AIM OF THE EXERCISE -> The exact lines of the listing, from its first through the line that contains "1、千米远射,射程更远,光斑更聚焦。 2、进口灯珠,亮度高,照明效果更好。 3、前后双按键,光源一键点亮,高亮瞬间开启。", are to make up the answer, and pictures are to be left out.

:: INFORMATION SHOWN ::

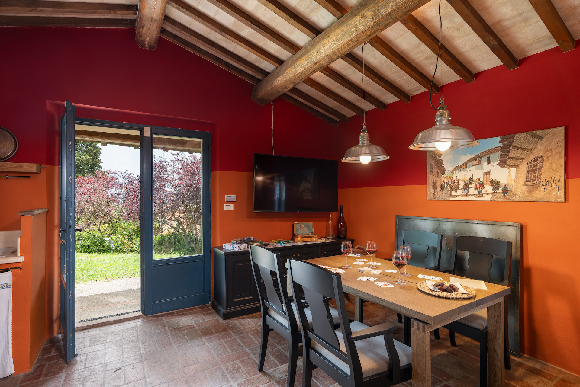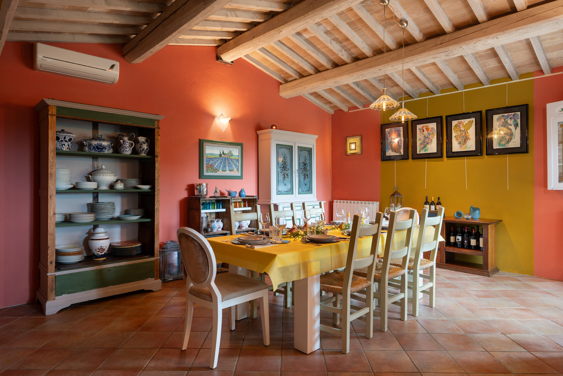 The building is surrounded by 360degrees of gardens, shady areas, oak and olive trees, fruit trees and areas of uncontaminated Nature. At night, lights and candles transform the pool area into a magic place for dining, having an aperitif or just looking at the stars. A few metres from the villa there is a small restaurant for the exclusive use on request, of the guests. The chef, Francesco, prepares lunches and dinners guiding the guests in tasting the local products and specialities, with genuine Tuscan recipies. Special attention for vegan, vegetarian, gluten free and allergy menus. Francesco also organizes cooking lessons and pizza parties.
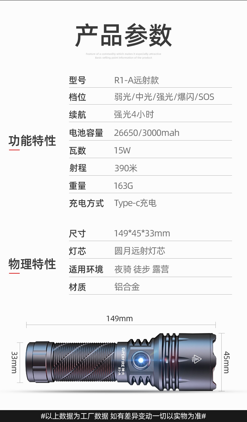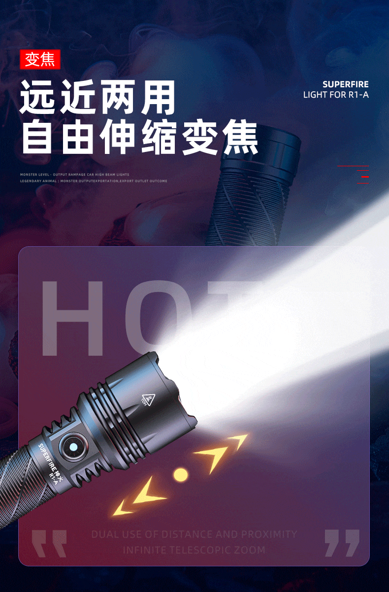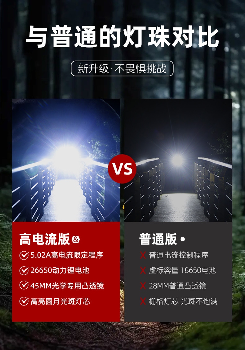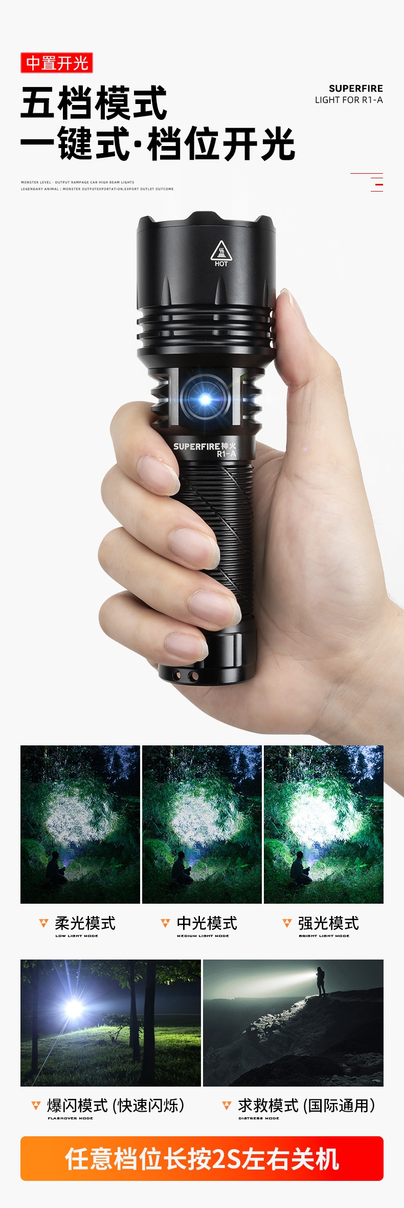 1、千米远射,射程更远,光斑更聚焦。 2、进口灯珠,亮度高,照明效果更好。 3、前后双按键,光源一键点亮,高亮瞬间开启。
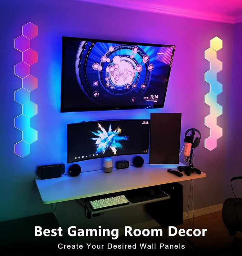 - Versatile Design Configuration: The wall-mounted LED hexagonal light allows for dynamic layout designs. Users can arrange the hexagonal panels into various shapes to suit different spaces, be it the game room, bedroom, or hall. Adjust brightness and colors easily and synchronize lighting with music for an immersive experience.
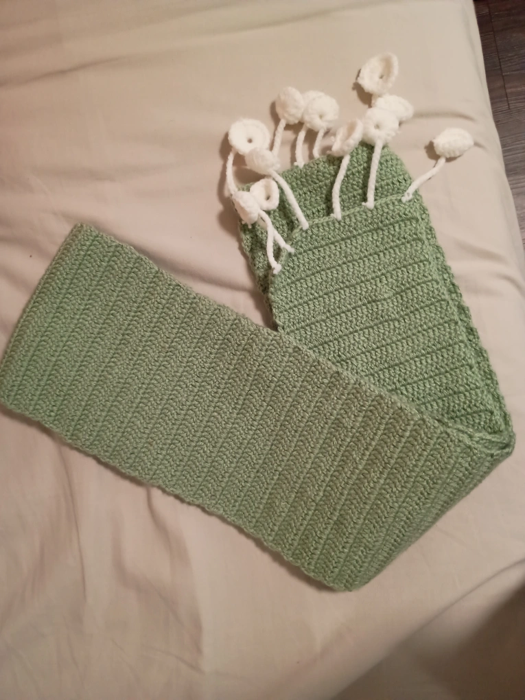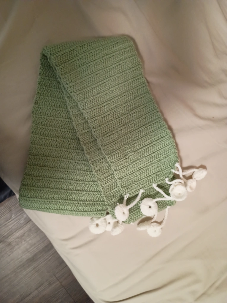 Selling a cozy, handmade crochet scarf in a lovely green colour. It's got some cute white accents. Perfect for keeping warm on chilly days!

:::

SOLUTION TO THE PROBLEM ->
 The building is surrounded by 360degrees of gardens, shady areas, oak and olive trees, fruit trees and areas of uncontaminated Nature. At night, lights and candles transform the pool area into a magic place for dining, having an aperitif or just looking at the stars. A few metres from the villa there is a small restaurant for the exclusive use on request, of the guests. The chef, Francesco, prepares lunches and dinners guiding the guests in tasting the local products and specialities, with genuine Tuscan recipies. Special attention for vegan, vegetarian, gluten free and allergy menus. Francesco also organizes cooking lessons and pizza parties.
 1、千米远射,射程更远,光斑更聚焦。 2、进口灯珠,亮度高,照明效果更好。 3、前后双按键,光源一键点亮,高亮瞬间开启。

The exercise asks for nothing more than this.